3.4. Demonstration of a Structural Health Monitoring Application of Visual Strain Sensors

Crack initiation and propagation present significant challenges in structural health research. Structural cracks typically result from stresses exceeding the limits of a material, signaling the onset of fracture or damage. Therefore, an intuitive method of monitoring structural health is necessary to monitor the problem of crack initiation and extension. As shown in Figure 7, to simulate cracks in concrete, metal, and other rigid materials, a visual strain sensing structure was affixed to the surface of two flat plates. These plates were separated by a sliding track to simulate “cracks”. The sensor undergoes color transitions from green to red around the gap as a result of stress concentration caused by the separation. As the gap widens, the color distribution of the sensor becomes increasingly uneven, displaying multiple irregular heterochromatic regions. This unevenness arises because the strain in the sensing structure is localized near the gap, resulting in localized color changes.
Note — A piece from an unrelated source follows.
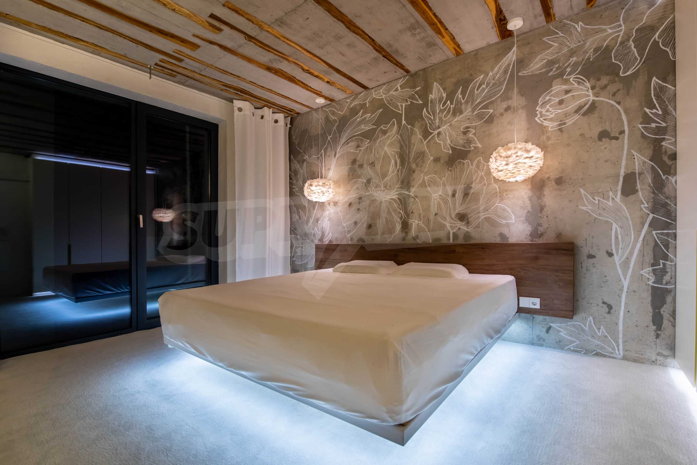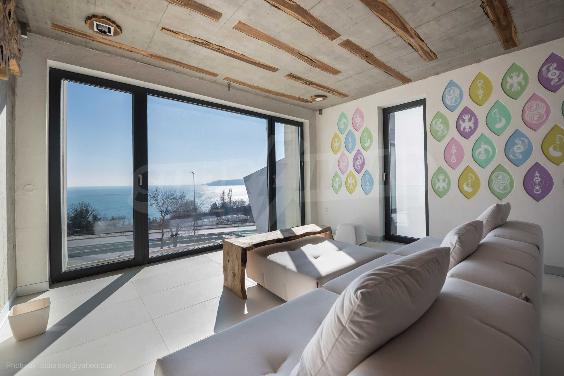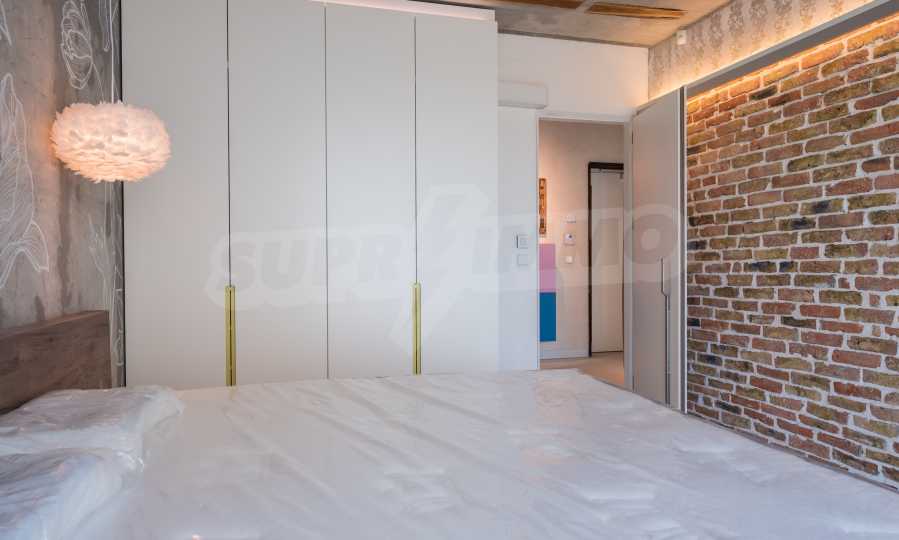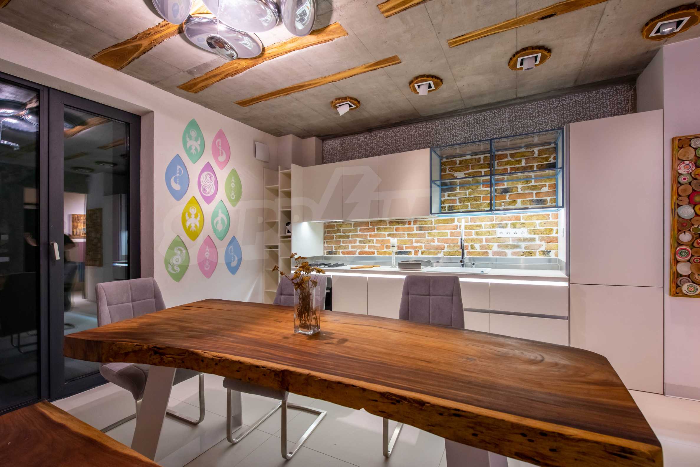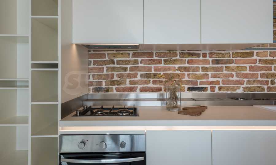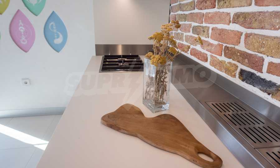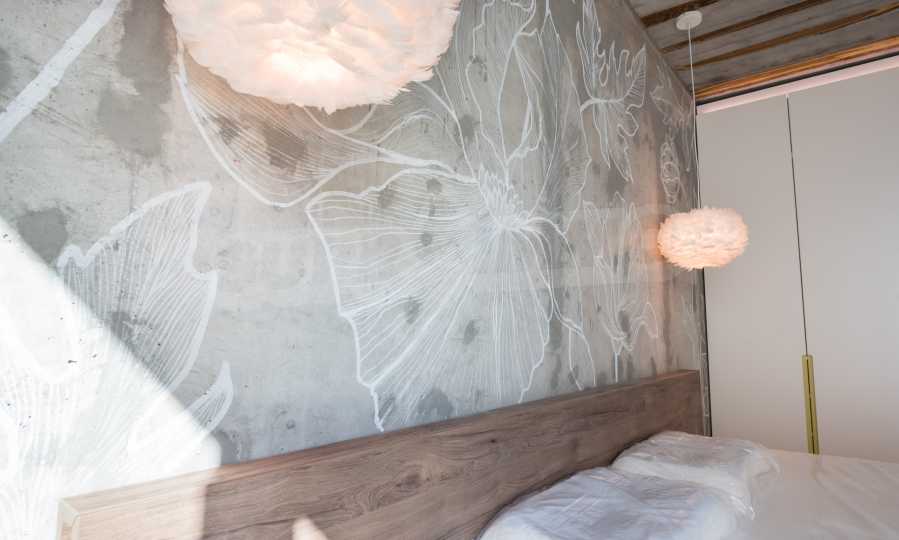 The design is unique - natural and modern, challenging and bright, carrying the message of autonomy, relaxation and sea atmosphere. Natural concrete acacia ornaments are built into the concrete slabs on the ceiling of the apartment. Brick walls and concrete are used for natural decoration, as they are additionally treated, impregnated and primed. Luxuriously furnished, with furniture, kitchen, mattresses and sofas, attractive tiles, lighting fixtures - all of famous Italian brands.

Notably, the heterochromatic regions in the sensing structure exceed the width of the actual slit, enhancing the visibility of crack progression. This demonstration confirms the potential of visual strain sensors based on F–P structures for visualizing localized stresses and monitoring the onset and growth of cracks. To sum up, our visual sensor can give a detailed prediction for damage evolution based on the variation of local colors as shown in Figure 7. A pixel-based design can be developed to show local variations between the initiation and propagation of cracks and colors in the future, which can provide real-time information to alert the initiation of cracks and prevent cracking in advance.

4. Conclusions

We designed a vibrant visual strain sensor by integrating a Fabry–Perot (F–P) interference structure onto a flexible substrate with a stretchable cavity material. The cavity material, SBS, has a Poisson’s ratio (ν) of approximately 0.5, meaning the transverse shrinkage of the spacer layer is proportional to ν when the sensor is stretched. This characteristic allows the sensor to work in tandem with the F–P structure to achieve pronounced color changes through optical interference. Compared with previous visual strain sensors, the sensor designed in this study further enhances the color gamut area, making the color change by strain more significant. The factors influencing sensor performance and its color change capabilities were thoroughly explored, both theoretically and experimentally. The potential applications of this sensor for strain degree visualization and identification of crack origin/extension were demonstrated.